Quality-Aware Multimodal Biometric Recognition
- URL: http://arxiv.org/abs/2112.05827v1
- Date: Fri, 10 Dec 2021 20:48:55 GMT
- Title: Quality-Aware Multimodal Biometric Recognition
- Authors: Sobhan Soleymani, Ali Dabouei, Fariborz Taherkhani, Seyed Mehdi
Iranmanesh, Jeremy Dawson, Nasser M. Nasrabadi
- Abstract summary: We develop a quality-aware framework for fusing representations of input modalities by weighting their importance using quality scores estimated in a weakly-supervised fashion.
This framework utilizes two fusion blocks, each represented by a set of quality-aware and aggregation networks.
We evaluate the performance by considering three multimodal datasets consisting of face, iris, and fingerprint modalities.
- Score: 30.322429033099688
- License: http://arxiv.org/licenses/nonexclusive-distrib/1.0/
- Abstract: We present a quality-aware multimodal recognition framework that combines
representations from multiple biometric traits with varying quality and number
of samples to achieve increased recognition accuracy by extracting
complimentary identification information based on the quality of the samples.
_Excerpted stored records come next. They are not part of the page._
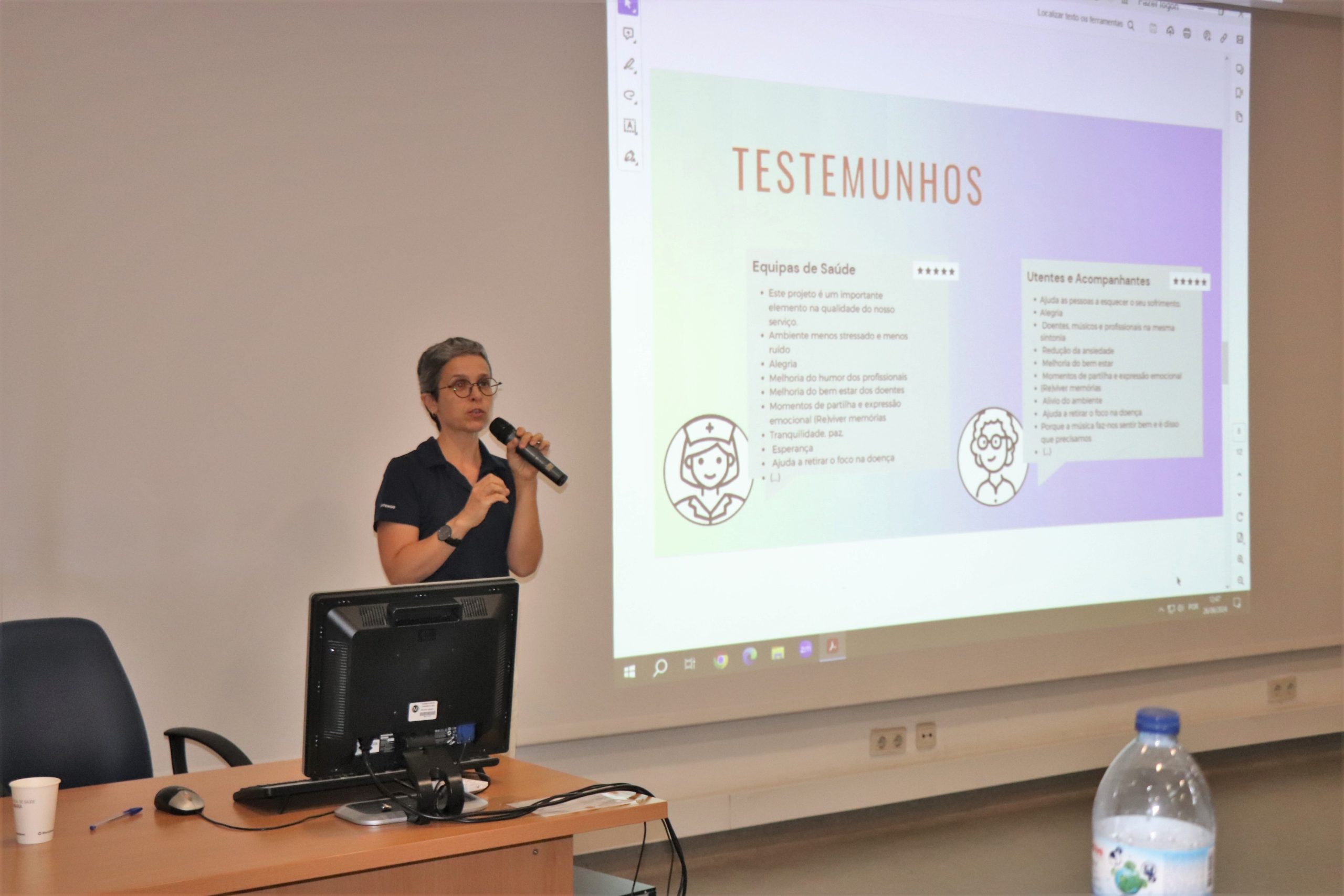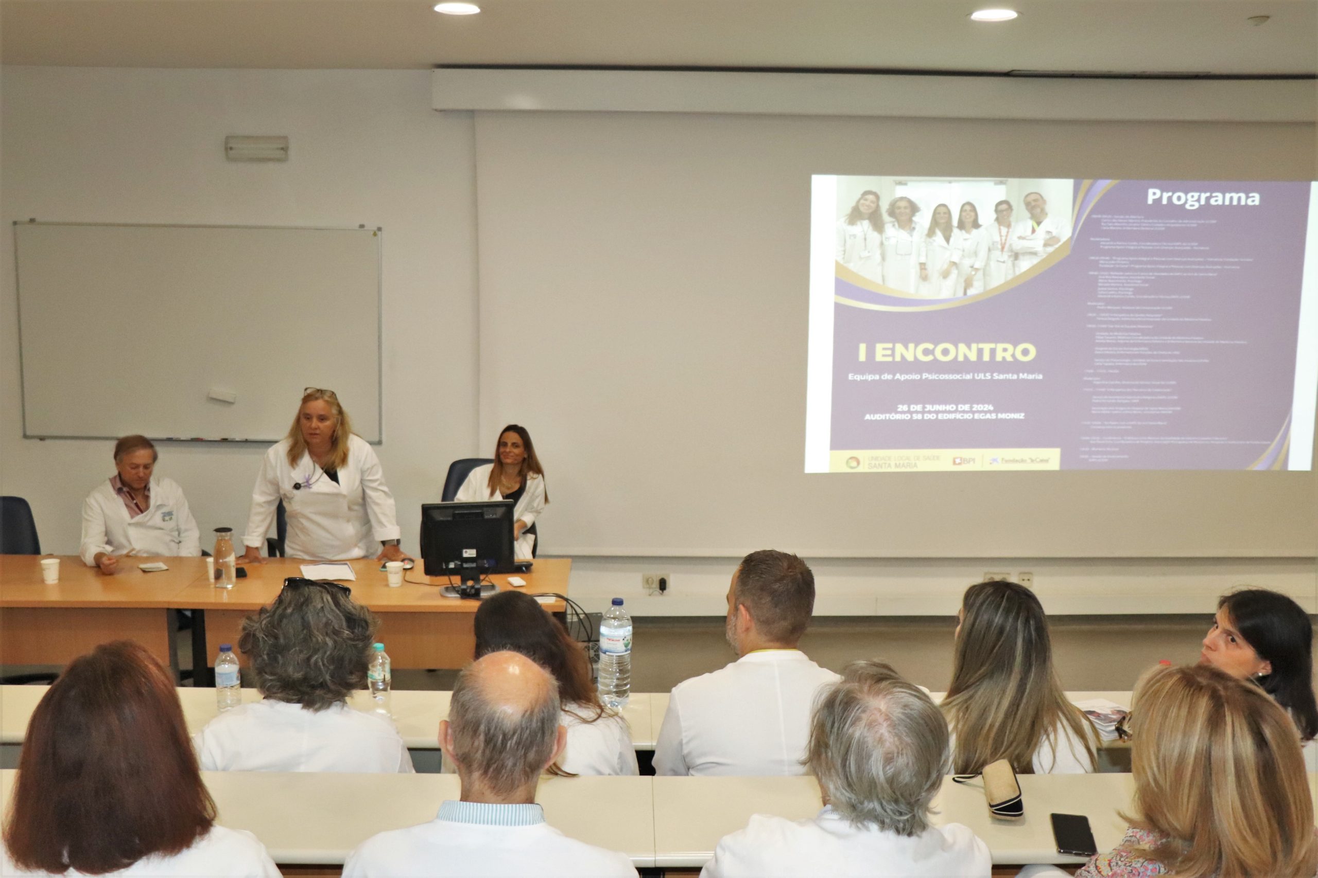 Um apoio elogiado pelos serviços hospitalares que mais diretamente trabalham com a equipa. Filipa Tavares, coordenadora da Unidade de Medicina Paliativa, e as Enfermeiras Amélia Matos, da mesma unidade e adjunta da Direção de Enfermagem, Dulce Oliveira, do Hospital de Dia de Oncologia, e Carla Tapada, da Unidade de Sono e Ventilação Não-Invasiva, deram testemunho da importância do trabalho da EAPS junto dos doentes, familiares e até dos profissionais, também estes, alvo de suporte nestas áreas de forte impacto emocional.
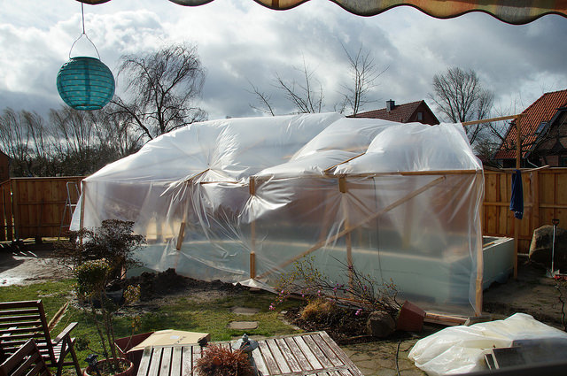 Ich hatte erstens keine Lust, zweitens keine Kohle eingeplant und wollte mich auf eine vernünftige Abdeckung konzentrieren, da die meiste Wärme wohl über die Teichoberfläche entweichen würde.
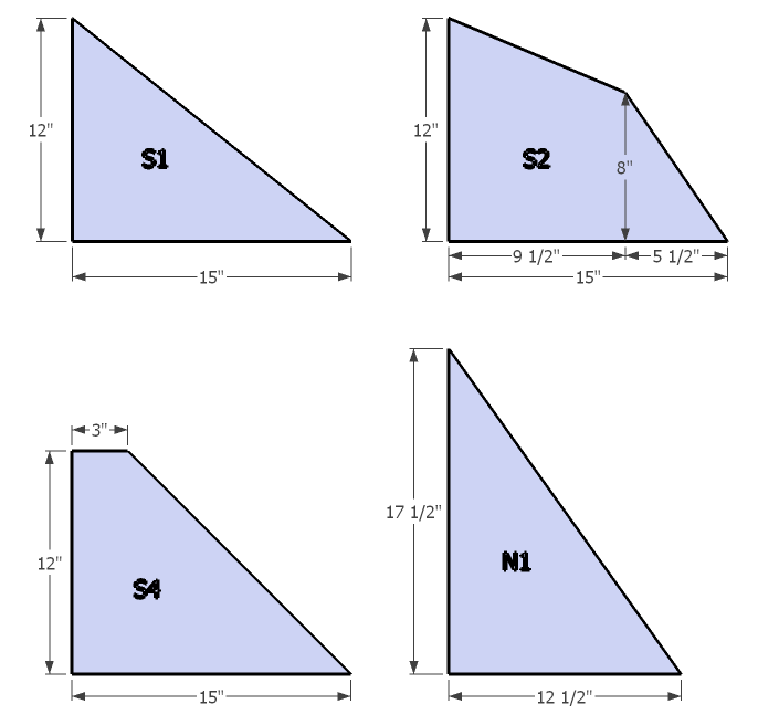 Scale drawings of side-view for four EZ-3 models. N1 is the original northern model, designed at 47N. S1, S2, and S4 all work better farther south, when tested a little below 38N, esepcially with a simple additional black bottom piece.
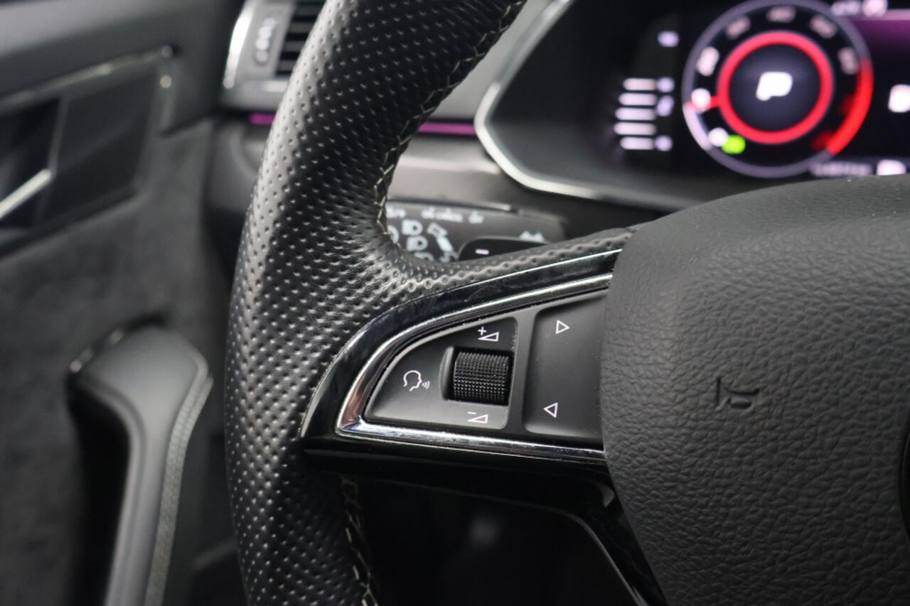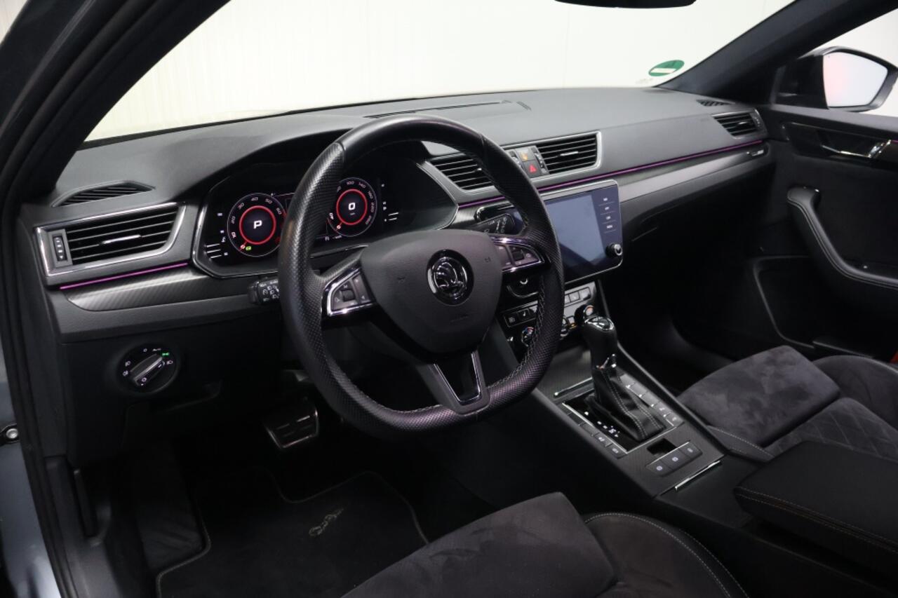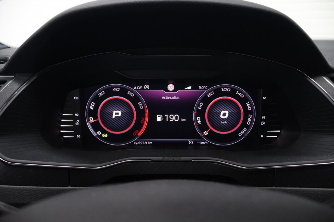 Het interieur van deze Skoda Superb Combi is voorzien van luxe opties zoals voorstoelen die verwarmd kunnen worden

We develop a quality-aware framework for fusing representations of input
modalities by weighting their importance using quality scores estimated in a
weakly-supervised fashion. This framework utilizes two fusion blocks, each
represented by a set of quality-aware and aggregation networks. In addition to
architecture modifications, we propose two task-specific loss functions:
multimodal separability loss and multimodal compactness loss. The first loss
assures that the representations of modalities for a class have comparable
magnitudes to provide a better quality estimation, while the multimodal
representations of different classes are distributed to achieve maximum
discrimination in the embedding space. The second loss, which is considered to
regularize the network weights, improves the generalization performance by
regularizing the framework. We evaluate the performance by considering three
multimodal datasets consisting of face, iris, and fingerprint modalities. The
efficacy of the framework is demonstrated through comparison with the
state-of-the-art algorithms. In particular, our framework outperforms the rank-
and score-level fusion of modalities of BIOMDATA by more than 30% for true
acceptance rate at false acceptance rate of $10^{-4}$.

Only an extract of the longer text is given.